▶ _Work required_
Your answer must consist of the records exactly as given, with no pictures included.

[Items from a data source]
BEGIN
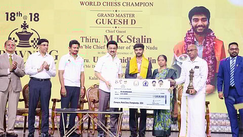 மேலும் விழாவில் முதல்வர் பேசுகையில், உலகின் இளைய செஸ் சாம்பியனாக மாற வேண்டும் என்ற தன்னுடைய கனவை, தன்னுடைய திறமையாலும், உழைப்பாலும் நனவாக்கியிருக்கிறார் குகேஷ். இதற்கு பின்னால் குகேஷ்க்கு இருக்கும் கடின உழைப்பு, விடாமுயற்சி, தன்னம்பிக்கை, இலக்கை நோக்கிய பயணம் இவையெல்லாவற்றையும் இளைஞர்கள் எல்லோரும் உத்வேகமாக எடுத்துக்கொள்ள வேண்டும் என்று கூறினார்.
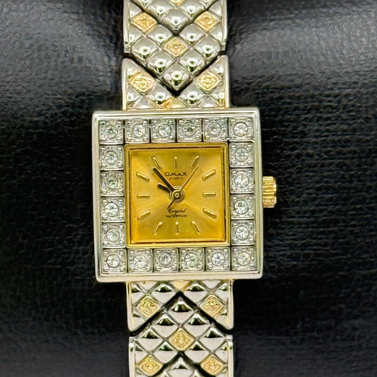 Omax Ladies Quartz Watch Crystal Accent Two-Tone Bracelet Japan Working 19mm
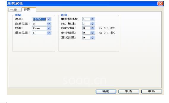 2、通訊參數(shù)的設(shè)定要與PLC的通訊參數(shù)一至如下圖:
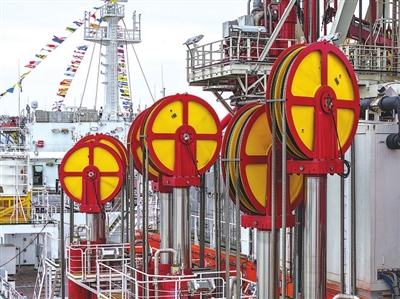 为此,“梦想”号配制了全球首台兼具油气勘探和岩心钻取功能的液压举升钻机,顶驱的举力达到907吨,具备4种钻探模式和3种取心方式,可满足大洋钻探取心和深海大洋矿产资源勘探开发等不同作业需求,综合钻探效率、硬岩钻进能力大幅提升,钻采系统国际领先。
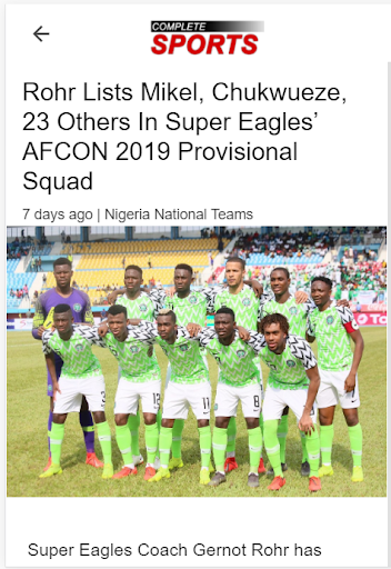 Complete Sports’ primary focus is sports news about Nigeria and the exploits of Nigerian sportsmen and women both at home and abroad, particularly the footballers.
END
▶ _Response to the task_
 மேலும் விழாவில் முதல்வர் பேசுகையில், உலகின் இளைய செஸ் சாம்பியனாக மாற வேண்டும் என்ற தன்னுடைய கனவை, தன்னுடைய திறமையாலும், உழைப்பாலும் நனவாக்கியிருக்கிறார் குகேஷ். இதற்கு பின்னால் குகேஷ்க்கு இருக்கும் கடின உழைப்பு, விடாமுயற்சி, தன்னம்பிக்கை, இலக்கை நோக்கிய பயணம் இவையெல்லாவற்றையும் இளைஞர்கள் எல்லோரும் உத்வேகமாக எடுத்துக்கொள்ள வேண்டும் என்று கூறினார்.
 Omax Ladies Quartz Watch Crystal Accent Two-Tone Bracelet Japan Working 19mm
 2、通訊參數(shù)的設(shè)定要與PLC的通訊參數(shù)一至如下圖:
 为此,“梦想”号配制了全球首台兼具油气勘探和岩心钻取功能的液压举升钻机,顶驱的举力达到907吨,具备4种钻探模式和3种取心方式,可满足大洋钻探取心和深海大洋矿产资源勘探开发等不同作业需求,综合钻探效率、硬岩钻进能力大幅提升,钻采系统国际领先。
 Complete Sports’ primary focus is sports news about Nigeria and the exploits of Nigerian sportsmen and women both at home and abroad, particularly the footballers.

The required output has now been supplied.